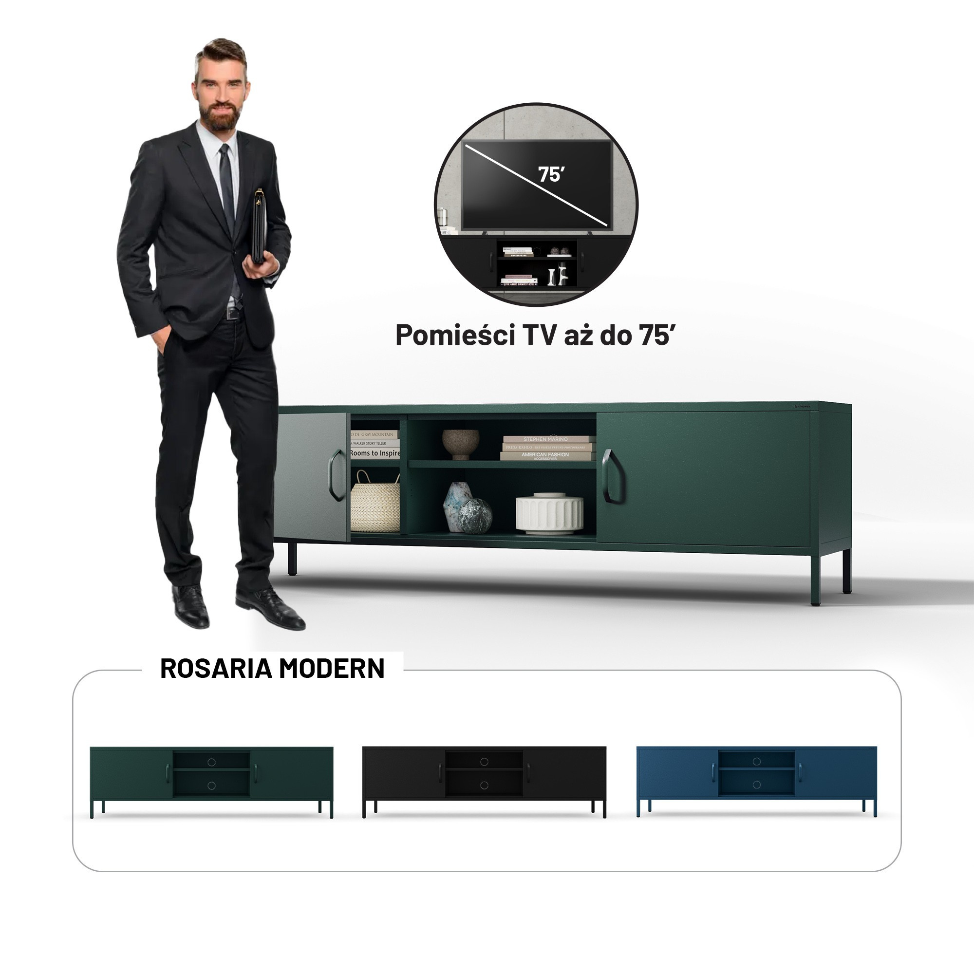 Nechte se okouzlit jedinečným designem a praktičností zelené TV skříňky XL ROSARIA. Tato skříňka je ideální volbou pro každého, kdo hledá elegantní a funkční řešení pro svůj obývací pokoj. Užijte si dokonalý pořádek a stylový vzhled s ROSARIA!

# # #

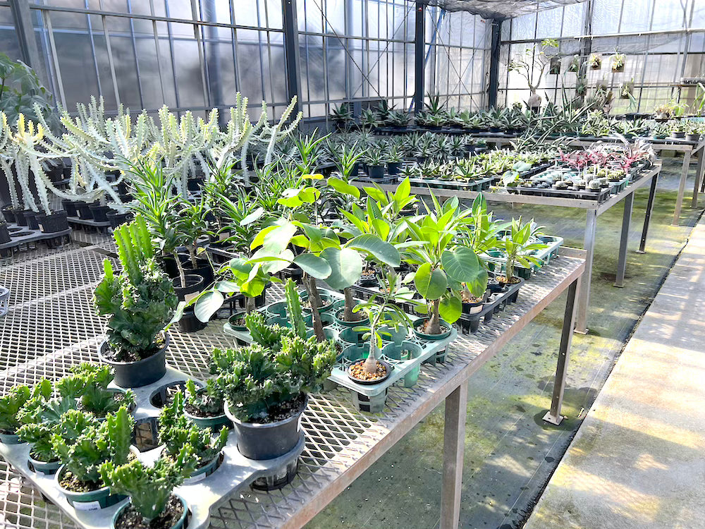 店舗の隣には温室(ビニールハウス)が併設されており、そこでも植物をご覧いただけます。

# # #

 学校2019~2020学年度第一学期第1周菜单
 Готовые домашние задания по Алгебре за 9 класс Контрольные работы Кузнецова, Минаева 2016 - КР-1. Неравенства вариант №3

# # #

Print, from the entries above, the line with "学校2019~2020学年度第一学期第1周菜单", the line with "Готовые домашние задания" and all lines between them, exactly and with nothing else.

 学校2019~2020学年度第一学期第1周菜单
 Готовые домашние задания по Алгебре за 9 класс Контрольные работы Кузнецова, Минаева 2016 - КР-1. Неравенства вариант №3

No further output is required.